Try it
From first line to last, print the records exactly, but leave out the pictures.

Source data
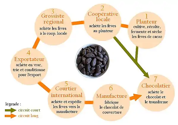 Le tableau suivant répertorie les principaux pays producteurs de fèves de cacao, les variétés qui y sont cultivées, les arômes correspondants — formés lors de la fermentation et le séchage de la fève de cacao[90],[91] — et leur part de la production mondiale calculée en 2017. Les trois plus gros producteurs au monde sont la Côte d'Ivoire (33 % de la production mondiale[92]), le Ghana (18 %[93]) et l'Indonésie (7,45 % [94]).
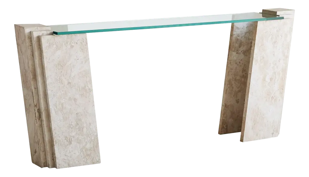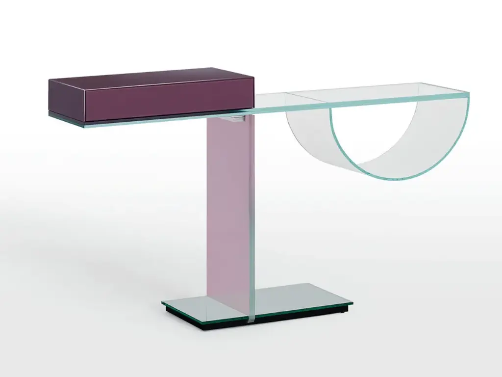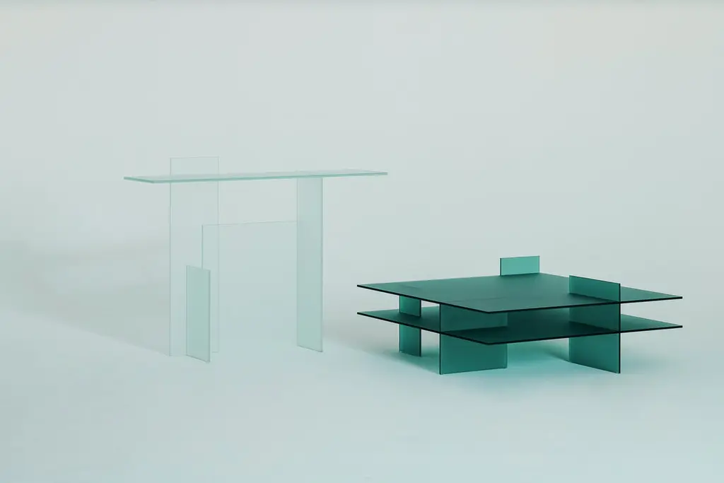 Collection of furniture consisting of shelves, console and low table, completely made of a special 10 mm tempered double-sided green acid-etched glass, or, in 6+6 mm laminated double-sided acidetched extralight glass. Each item is a composition of interlocked and overlapping glass sheets which, through a special UV bonding method, give shape to pure and refined sculptural furnishing elements characterized by a rigorous form. Available in different version:Finish: green glass, extralight glassDIMENSIONS:L 124 - P 33 - H 92Price refers to the extralight version.
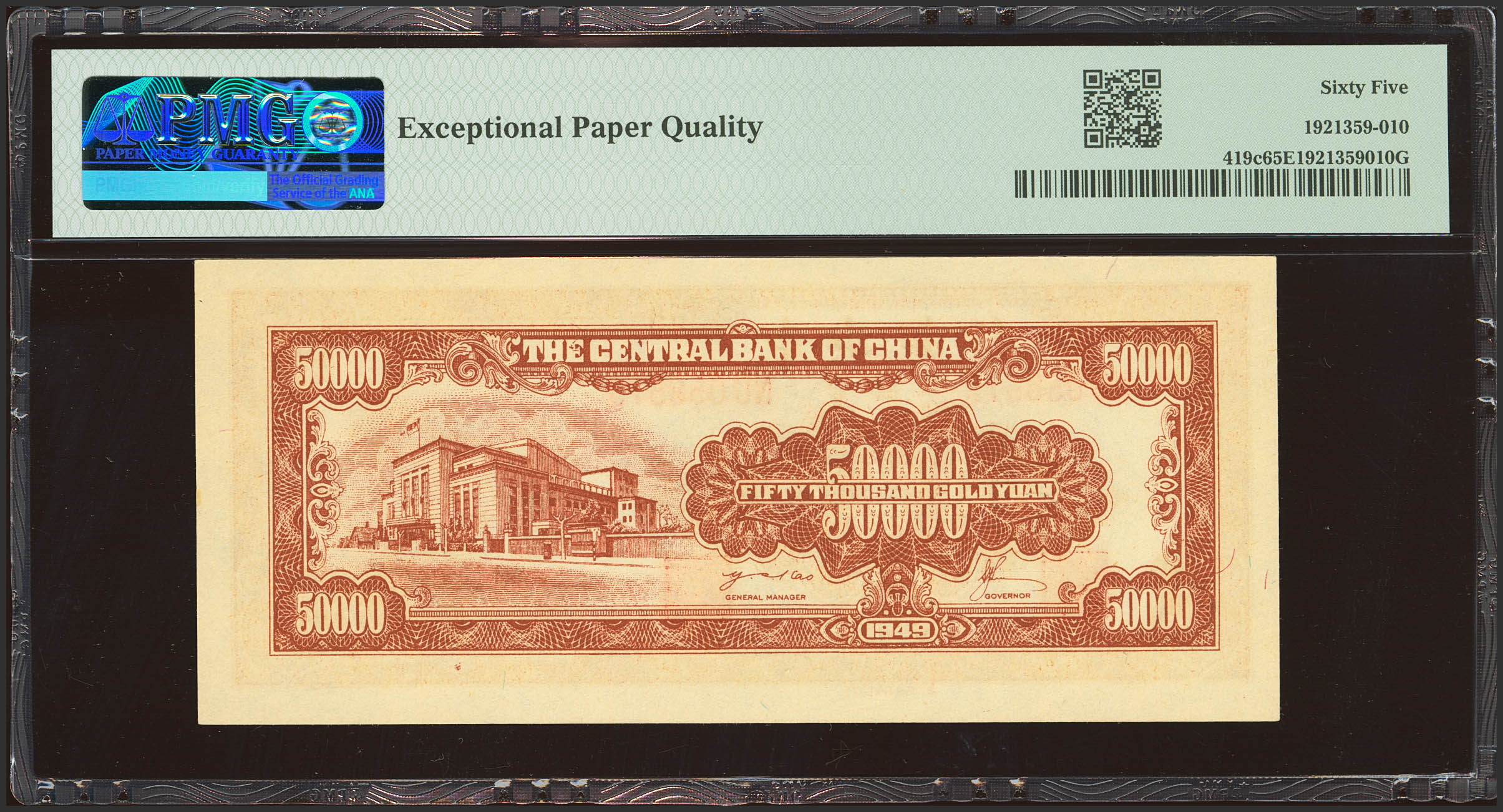 CHINA. 50000 Gold Yuan. 1949. Central Bank of China. (Pick: 419c, SM: C302-63c). PMG65EPQ.
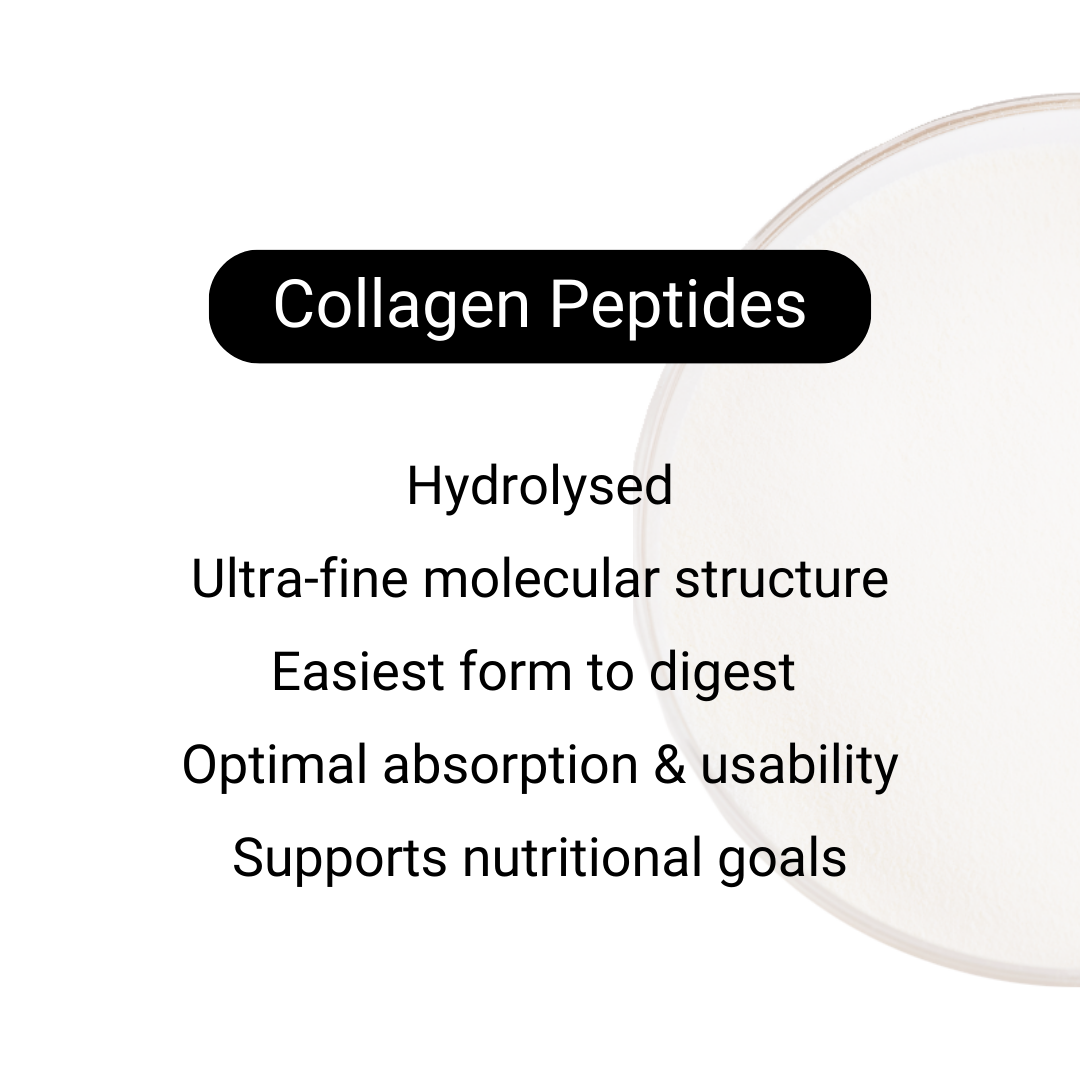 In comparison, COLLAGEN PEPTIDES (or hydrolysed collagen supplements) are ‘Hydrolyzed’, meaning the amino-acid chain structures have been shortened again using a natural enzyme hydrolysis (water) process that makes the amino acids even more bioavailable. Although gelatin & collagen peptides may contain some of the same amino acids, the amino acids in Collagen Peptides are more easily absorbed & used than that in gelatin.
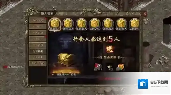 4、加入行会,根据行会累计人数还可领取福利礼包。
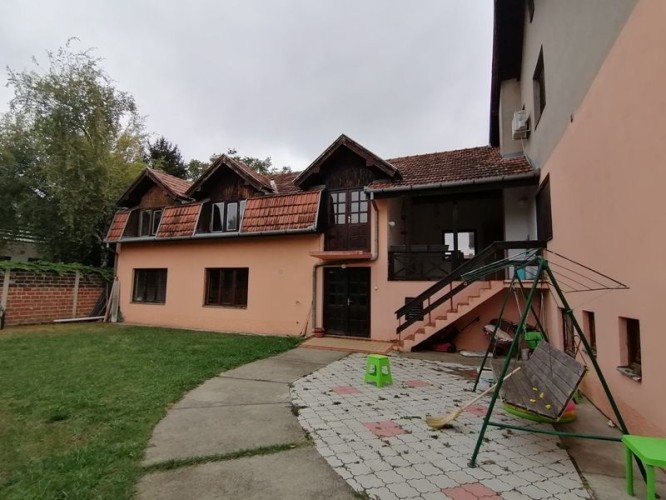 Prodaje se spratna kuća sa potkrovljem površine 414m2, zajedno sa okućnicom, zidanom garažom i pomoćnim objektom na ograđenom placu površine 600m2. Kuća je od čvrstog materijala i sastoji se od sedam (7) soba, dva (2) kupatila, zasebnim WC-om, hodnikom, kuhinjom i trpezarijom, sa balkonima na oba nivoa. Podovi u sobama koje su smeštene na prizemlju nalazi se parket, dok se u sobama na spratu nalazi brodski pod, a kuhinja, oba kupatila i zaseban WC su popločani keramičkim pločicama. Postoji mogućnost etažnog grejanja na struju, gas i čvrsto gorivo. Kuća se nalazi u mirnom kraju, sa lepim dvorištem. Ev.Br. 5100
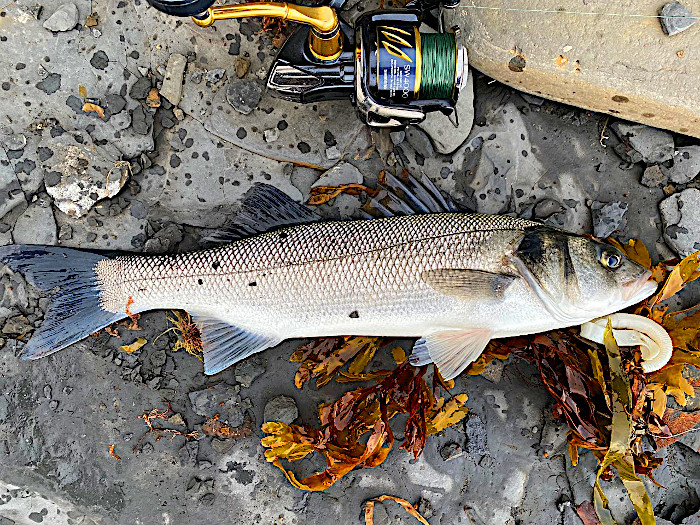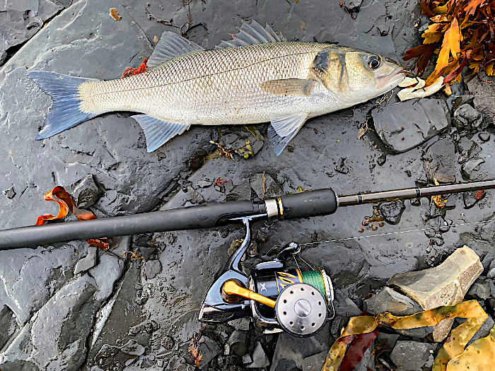 After about an hours fishing, round about the time of high water, we noticed a flock of black headed gulls on the sea, back at the place where we'd seen maggoty weed as we walked along. It was a no brainer, so we tramped back to the spot. As we approached the gulls flew off but clearly there were some maggots washing out into the sea. It was not long before a few (a very few) mullet turned up in groups of two or three skimming the surface, but they were too far out and the cross-wind was far too strong for fly fishing so we continued to spin. The tide was turning and now we noticed groups of small bass striking at the surface as they gulped in the tiny maggots. Before long Bill's rod bent as he hooked a bass a little larger than the ones we'd had earlier. A few minutes later he landed a third fish of round about two pounds. At this point, having missed a couple of bites on my Redgill, I switched to the J9 Rapala which I had recently used in the river. We were both having the odd missed bite and it became clear that any cast which brought the lure close to a group of foraging schoolies was likely to result in an attack. Eventually I hooked a fish on the Rapala, and it proved to be (only just) the largest of the session. By this time we'd both had enough, so we packed in and walked back to the cars. As Bill commented "What looked like being a rubbish session had turned out to be not good but about average".
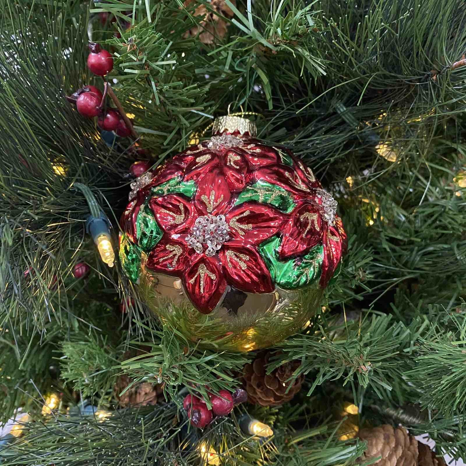 Роскошный ёлочный шар с красными цветами пуансеттии станет оригинальным украшением Вашей новогодней красавицы.
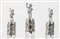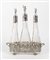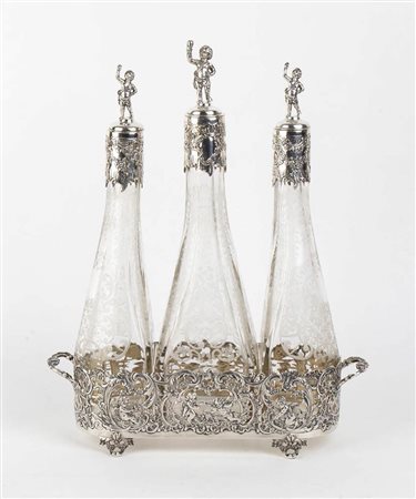 decanter tripartito, composto da tre bottiglie uguali in vetro inciso, su basamento in argento traforato e decorato con motivi rocaille poggiante su quattro piedini fogliati. Argento 800/1000, punzonato "800" e "Basios".
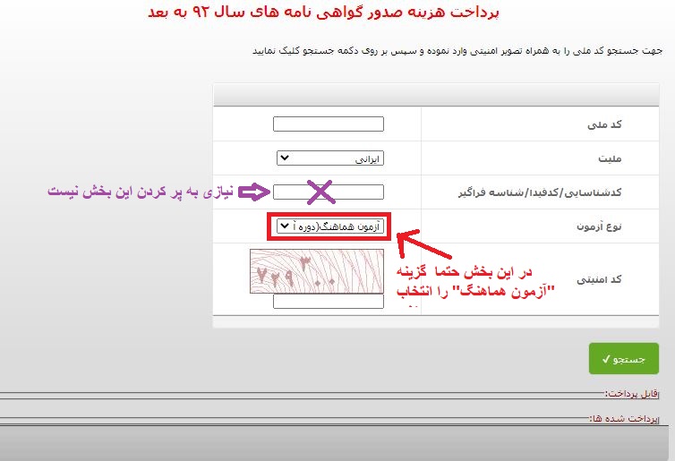 برای دریافت گواهی نامه فنی و حرفه ای در هر رشته ای که آزمون داده اید باید ابتدا از طریق دکمه ی “پرداخت هزینه گواهینامه“، مبلغ را بپردازید:
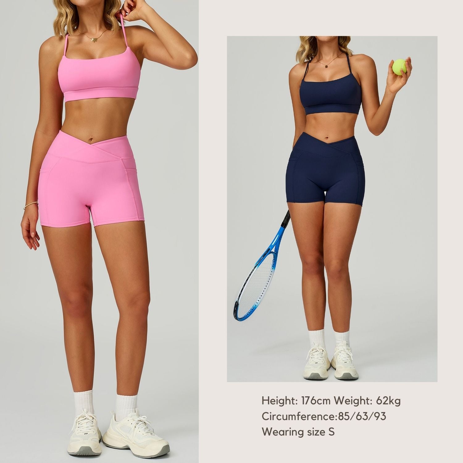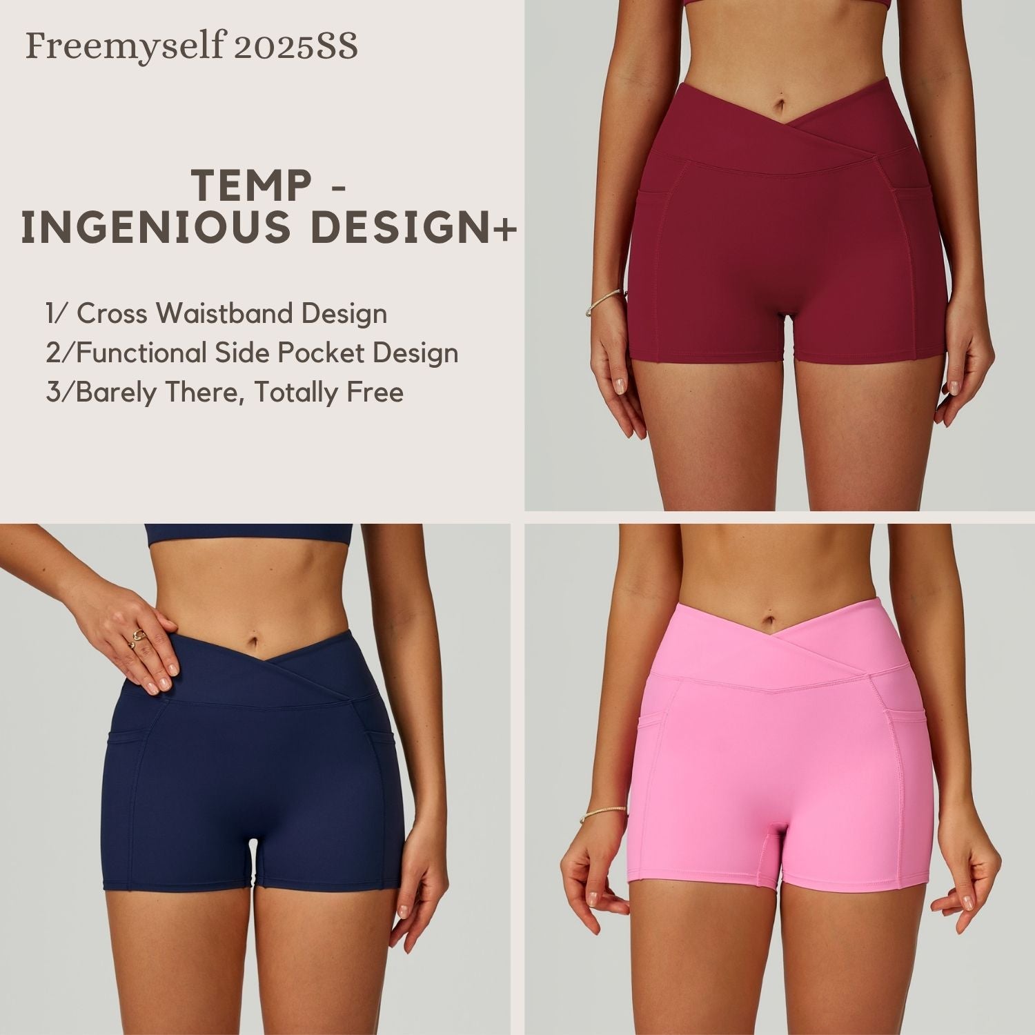 Freemyself 25ss high-waist shorts feature a cross waistband for secure fit, side pockets for convenient storage, and a butt-lifting seam that enhances curves while shaping the waist perfectly.

Output for this exercise
 Le tableau suivant répertorie les principaux pays producteurs de fèves de cacao, les variétés qui y sont cultivées, les arômes correspondants — formés lors de la fermentation et le séchage de la fève de cacao[90],[91] — et leur part de la production mondiale calculée en 2017. Les trois plus gros producteurs au monde sont la Côte d'Ivoire (33 % de la production mondiale[92]), le Ghana (18 %[93]) et l'Indonésie (7,45 % [94]).
 Collection of furniture consisting of shelves, console and low table, completely made of a special 10 mm tempered double-sided green acid-etched glass, or, in 6+6 mm laminated double-sided acidetched extralight glass. Each item is a composition of interlocked and overlapping glass sheets which, through a special UV bonding method, give shape to pure and refined sculptural furnishing elements characterized by a rigorous form. Available in different version:Finish: green glass, extralight glassDIMENSIONS:L 124 - P 33 - H 92Price refers to the extralight version.
 CHINA. 50000 Gold Yuan. 1949. Central Bank of China. (Pick: 419c, SM: C302-63c). PMG65EPQ.
 In comparison, COLLAGEN PEPTIDES (or hydrolysed collagen supplements) are ‘Hydrolyzed’, meaning the amino-acid chain structures have been shortened again using a natural enzyme hydrolysis (water) process that makes the amino acids even more bioavailable. Although gelatin & collagen peptides may contain some of the same amino acids, the amino acids in Collagen Peptides are more easily absorbed & used than that in gelatin.
 4、加入行会,根据行会累计人数还可领取福利礼包。
 Prodaje se spratna kuća sa potkrovljem površine 414m2, zajedno sa okućnicom, zidanom garažom i pomoćnim objektom na ograđenom placu površine 600m2. Kuća je od čvrstog materijala i sastoji se od sedam (7) soba, dva (2) kupatila, zasebnim WC-om, hodnikom, kuhinjom i trpezarijom, sa balkonima na oba nivoa. Podovi u sobama koje su smeštene na prizemlju nalazi se parket, dok se u sobama na spratu nalazi brodski pod, a kuhinja, oba kupatila i zaseban WC su popločani keramičkim pločicama. Postoji mogućnost etažnog grejanja na struju, gas i čvrsto gorivo. Kuća se nalazi u mirnom kraju, sa lepim dvorištem. Ev.Br. 5100
 After about an hours fishing, round about the time of high water, we noticed a flock of black headed gulls on the sea, back at the place where we'd seen maggoty weed as we walked along. It was a no brainer, so we tramped back to the spot. As we approached the gulls flew off but clearly there were some maggots washing out into the sea. It was not long before a few (a very few) mullet turned up in groups of two or three skimming the surface, but they were too far out and the cross-wind was far too strong for fly fishing so we continued to spin. The tide was turning and now we noticed groups of small bass striking at the surface as they gulped in the tiny maggots. Before long Bill's rod bent as he hooked a bass a little larger than the ones we'd had earlier. A few minutes later he landed a third fish of round about two pounds. At this point, having missed a couple of bites on my Redgill, I switched to the J9 Rapala which I had recently used in the river. We were both having the odd missed bite and it became clear that any cast which brought the lure close to a group of foraging schoolies was likely to result in an attack. Eventually I hooked a fish on the Rapala, and it proved to be (only just) the largest of the session. By this time we'd both had enough, so we packed in and walked back to the cars. As Bill commented "What looked like being a rubbish session had turned out to be not good but about average".
 Роскошный ёлочный шар с красными цветами пуансеттии станет оригинальным украшением Вашей новогодней красавицы.
 decanter tripartito, composto da tre bottiglie uguali in vetro inciso, su basamento in argento traforato e decorato con motivi rocaille poggiante su quattro piedini fogliati. Argento 800/1000, punzonato "800" e "Basios".
 برای دریافت گواهی نامه فنی و حرفه ای در هر رشته ای که آزمون داده اید باید ابتدا از طریق دکمه ی “پرداخت هزینه گواهینامه“، مبلغ را بپردازید:
 Freemyself 25ss high-waist shorts feature a cross waistband for secure fit, side pockets for convenient storage, and a butt-lifting seam that enhances curves while shaping the waist perfectly.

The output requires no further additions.